The system administrator gives granular permissions, so that only specific groups of people or individuals can access a certain resource. This is a very helpful management tool, as one app allows you to control the entire network. It’s significantly more straightforward than trying to achieve this with a traditional VPN.
Authentication is achieved using SSO methods like Okta and Google. Not only is this a well-protected account but it allows for second factor authentication. Twingate uses native 2FA functionality so you can make use of this extra layer of safety even if your SSO doesn’t natively have it.
Your business resources are invisible with no internet-facing gateway, with the obvious exception of those who have access to the network. Split tunneling always ensures defined business traffic passes through Twingate, regardless of where you are — on hotel WiFi, a cafe, or at home.
I contacted Twingate to confirm the type of encryption used. While data is being transferred, it is secured via SSL/TLS. When the data is at rest, it is protected by Google cloud services featuring AES-256 encryption, with symmetric keys. Data keys are encrypted using a regularly changed master key, stored in a secure keystore.
You might miss certain features associated with standard business VPNs, like a kill-switch to ensure that everything goes through an encrypted tunnel without exception. With Twingate, it’s down to the business to decide what does. There might be a business need to routinely change IP addresses to certain locations, too.
Privacy — Collects Data but Separates Personal Traffic
Twingate does collect some of your information. Mostly this is standard information needed to set up your account, or for diagnostic purposes. Some of it is voluntary but the ways that Twingate might use it is spelled out clearly in the privacy policy.
You can find the privacy policy easily and it spells out what happens to your data
Considering Twingate’s many integrations, it’s important to mention that it will also receive information from the 3rd party apps you may be using with it. However, it can’t read data that’s not routed through it. This means that it won’t log any of your usual personal traffic, such as video calls and instant messages.
However, it is based in the US which is a member of the 5 Eyes Alliance. Although Twingate says it will fight any demands for your data, this does mean that your data could potentially be claimed by any member countries. If this is a concern, take a look at these standard VPNs with solid privacy policies.
Does Twingate Work in China?
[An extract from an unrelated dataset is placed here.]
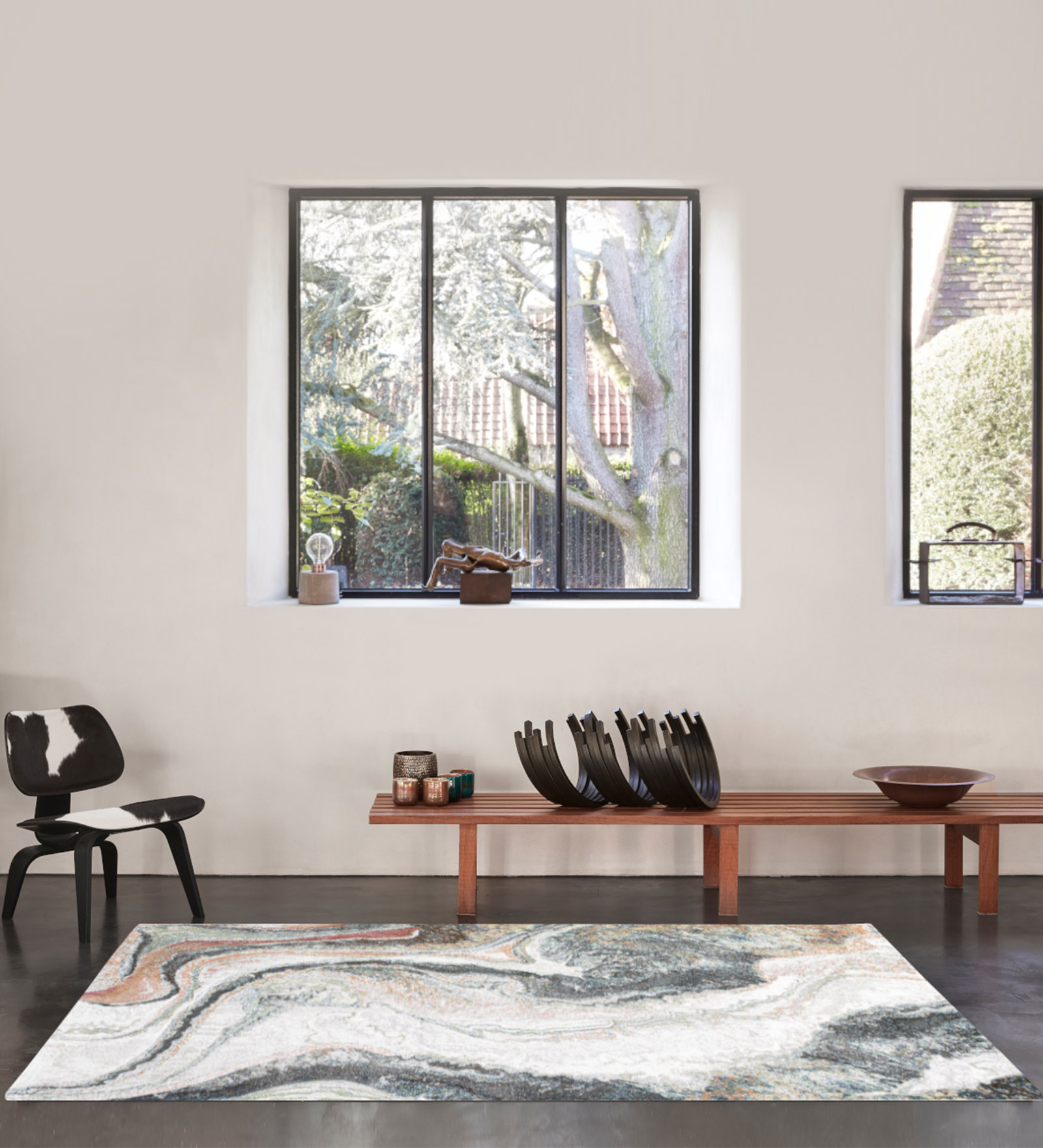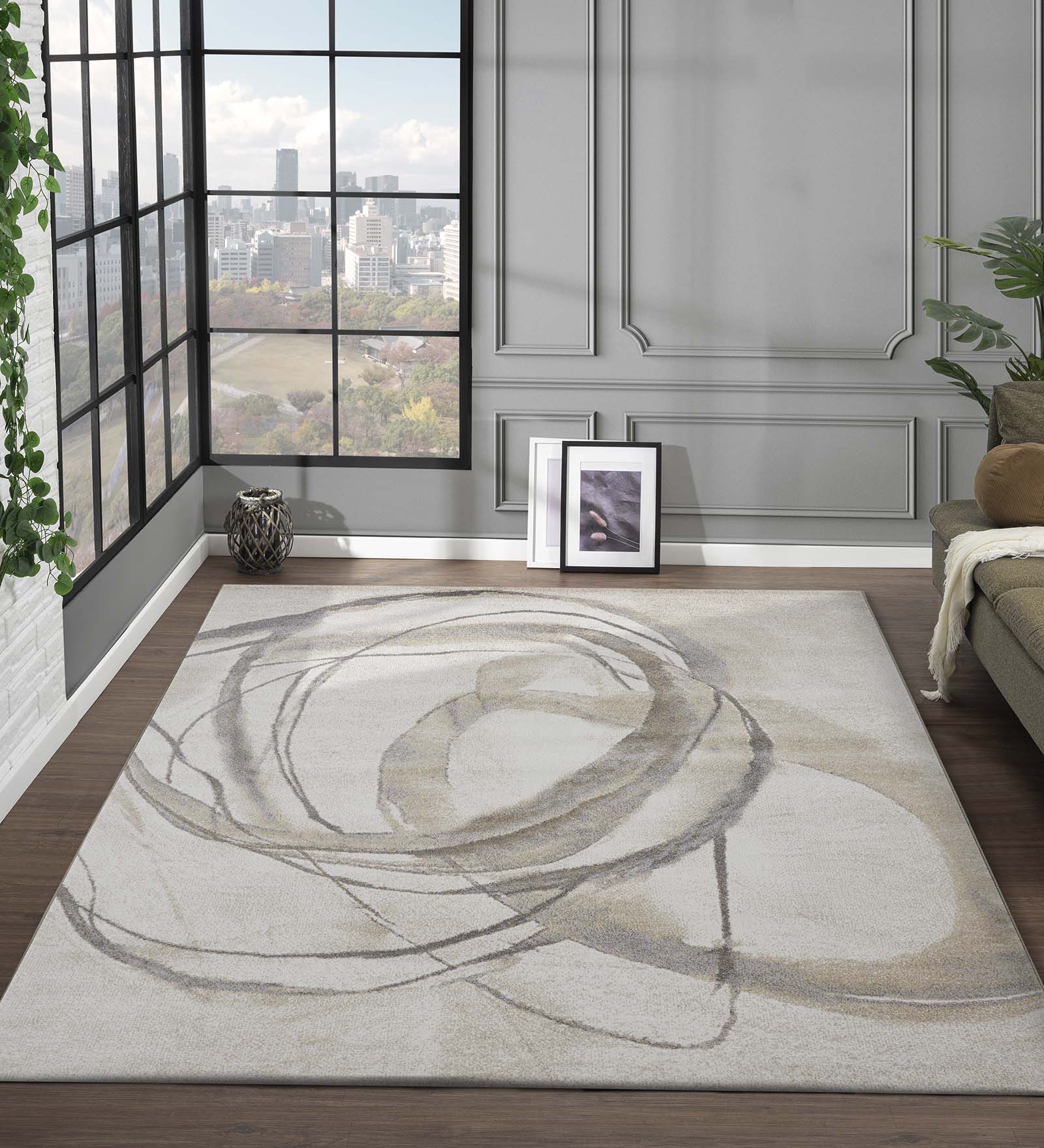 Aquarius Abstract Machine Made Carpet Cream and D Grey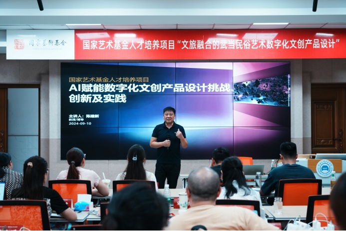 2024年9月10日,武汉理工大学艺术与九色视频 陈建新教授莅临国家艺术基金资助项目“文旅融合的武当民俗艺术数字化文创产品设计”人才培训班,为学员讲授题为《AI赋能数字文化产品设计挑战、创新及实践》的精彩课程...

Yes
Twingate support confirmed that it will work in China. This is good news if you have employees located there that need to access essential business resources. It will be as if they’re in the office as usual.
Get Started With Twingate Today!
Simultaneous Device Connections — Unlimited Depending on Plan
The basic plan allows up to 5 simultaneous device connections. This is per user, and allows up to 50 users. The business plan lets you increase the number of users to 150 though the device limit stays at 5.
However, if you need more than this you can choose the bespoke enterprise account which allows unlimited device connections (as well as unlimited users).
Device Compatibility — Works with all Major Platforms
Twingate works with all the most popular platforms, including Windows, Mac, Android, iOS, Linux, and Chrome OS.